Interviews
Sofía López Mañan
Argentina -
December 04, 2021

Nature as construction

A decade ago, while working in El Calafate (Argentina), Sofía López Mañan found a condor feather. It was huge, it was in the middle of the valley. “It looked like it had just fallen,” she says. Later, in a ceremony, she wanted to donate it. But a grandmother said to her: “What are you doing? That pen fell to you, it came to tell you something”. In September, Sofia recorded the largest release of condors in the country, in Río Negro. Now, she wants to understand the cosmology that surrounds them. As an artist and documentary photographer, Sofía studies naturalism and mycology and raises mushrooms.

You did a survey on social networks in which you asked what was natural and what was not while sharing images of Bambi, indigenous peoples, a tiger on a bed, a crowd in the city. What did the people answer?

One said, “what the human does not intervene is natural.” We have an idea of ​​nature as pristine and ‘untouched’. So, do you touch it with your culture? Another said, “without damage”. What if the volcano throws lava? When I shared Adam and Eve one hundred percent said it was nature. We think we are evolutionists, but the truth is that we are creationists.

We are in an Anthropocene era, we are the greatest modifiers on this planet. We think of isolated objects: “the universe”, “the human”, “nature”, “the mate“. Philosopher Timothy Morton argues that the idea of ​​climate change is presented as a hyper object in itself. So if you start the car’s engine, you are not thinking ‘oops, this is affecting me’.

 

 

Sofía López Mañan

I remember when the Buenos Aires Zoo closed and the animals were taken away. Many of us think of “a Noah’s Ark.” Where does that idea come from? We imagine “releasing the elephant in its freedom”, in that mystical, romanticized, and idealized thing, according to which there would be harmony between all species. The other day, in class, they told me “if there was harmony there would be no evolution.”

I got into the basement of Fauna Nación and began to register taxidermy, animal trafficking. Suddenly I thought “I am doing that again that the problem is always the outside, the bad one”. I named the project ‘Nature is dead’. Some images exist, others do not. I play with desire and fantasy, with how we look and how we build. The term ‘nature’ ranges from a plant, a stream or ‘what is natural’, ‘what is good’, is like God. I decided to make a project as chaotic as the word itself.

Sofía López Mañan

The Andean condor is scarce in northern South America and Patagonia. The Andean Condor Conservation Program takes care of them. What is it like to work with the subject?

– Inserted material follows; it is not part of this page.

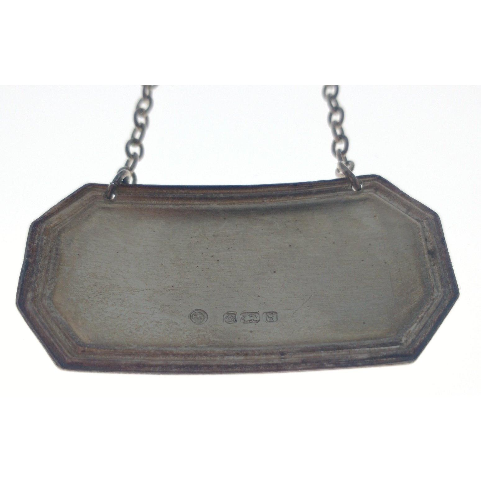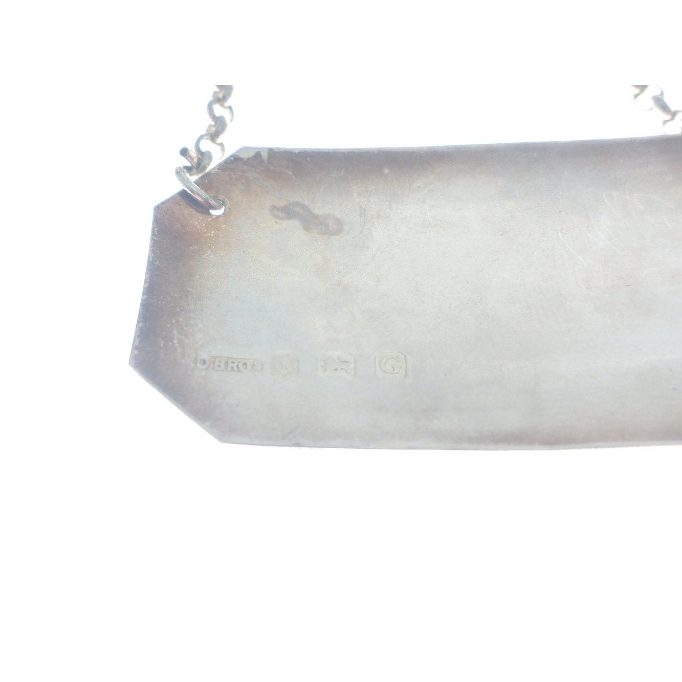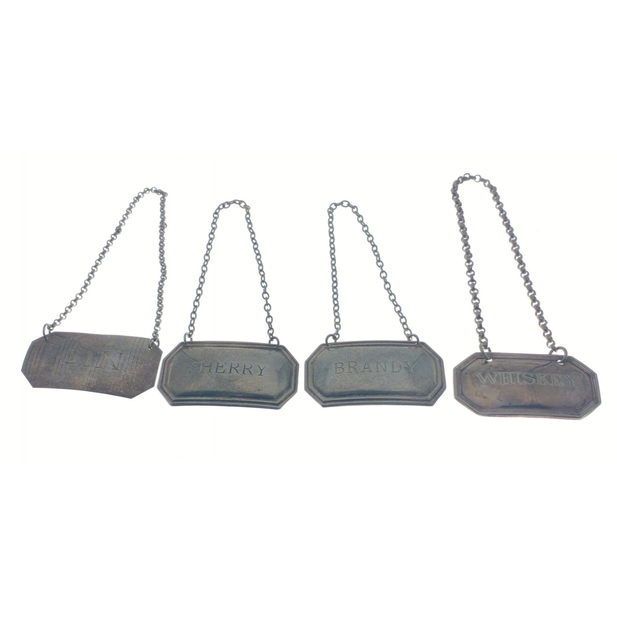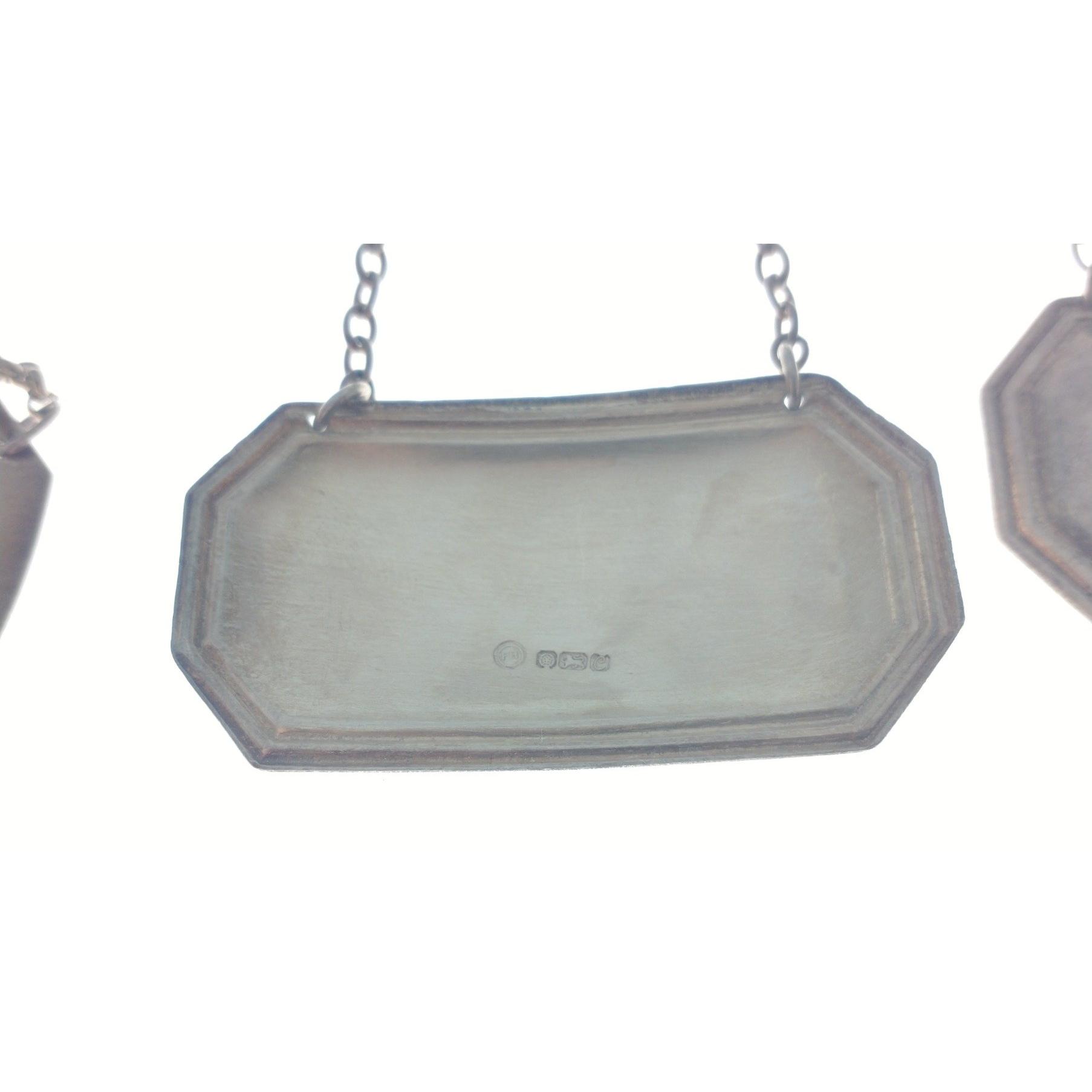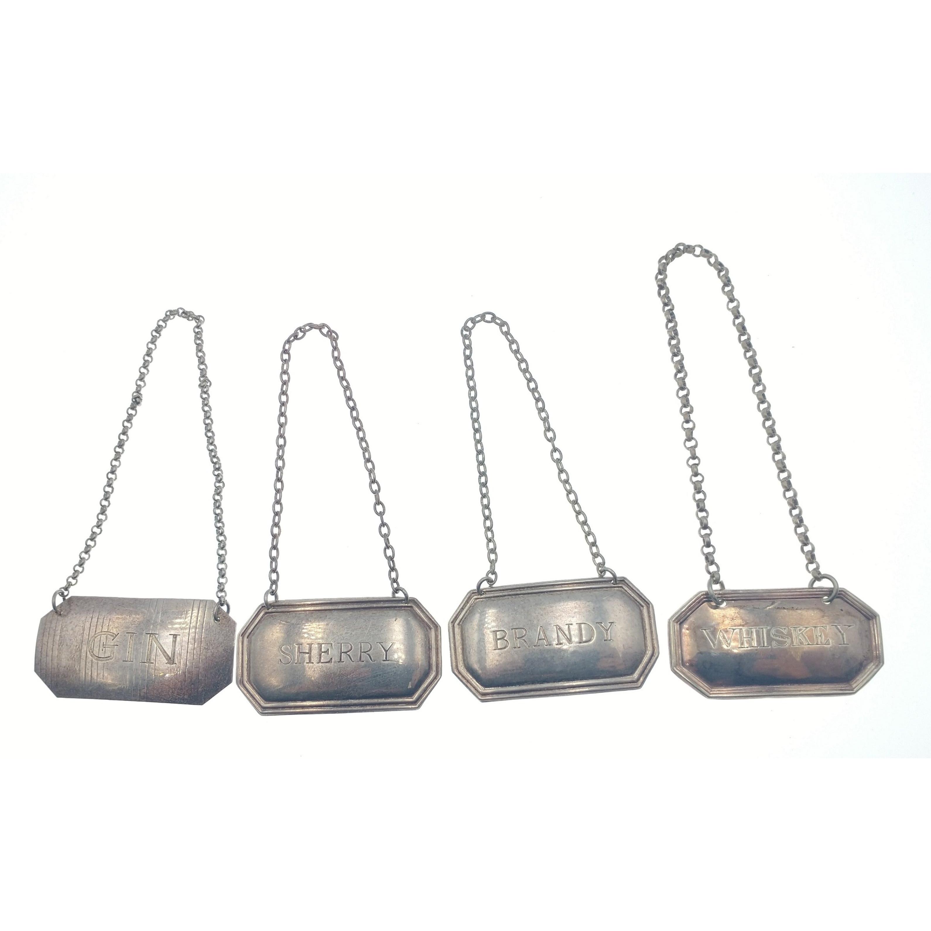 Three silver hallmarked decanter labels SHERRY - Sheffield 1977 by Francis Howard, BRANDY - Sheffield 1976 by Francis Howard, GIN - Birmingham 1931 by D Bros, total gross weight 27.3g plus a WHISKEY label

I made a mini-documentary about psycho-magical things that happened. The condor became family to me. When the chicks are born much of family is produced. A condor lives almost like a human, between 75 and 80 years. The work that the ‘condoreros‘ do is very meaningful: they get involved, they ask the mountains for permission. The moment of liberation is impressive, people faint. The condoreros are in good and bad times. There are a lot of deaths and falls, mainly due to pesticides or the use of lead.

When they manage to rescue them to cure them, from June to September they are in La Voladora, a large cage where they begin to feel the air, they acclimatize. In September, the cage opens. They are released in small groups, among themselves they learn to fly. It is a work in a mini place, in the middle of nowhere. It is no coincidence that it happens in September, there is a window of good weather so that they can recognize where is food. At night they take a leg to learn. Then the cold appears and then they already have to know how to handle themselves.

I am interested in cosmogony and the value condor has for Andean cultures. They gave me a National Geographic grant for ‘Condors and Cosmovision’. For example, the name ‘Hanan’, for the (misnamed) ‘tehuelches’ means “the one who flies high”. It is like the messenger, who takes our souls to heaven. The Mapuches left their bodies to be eaten by the condors, as a guide for souls.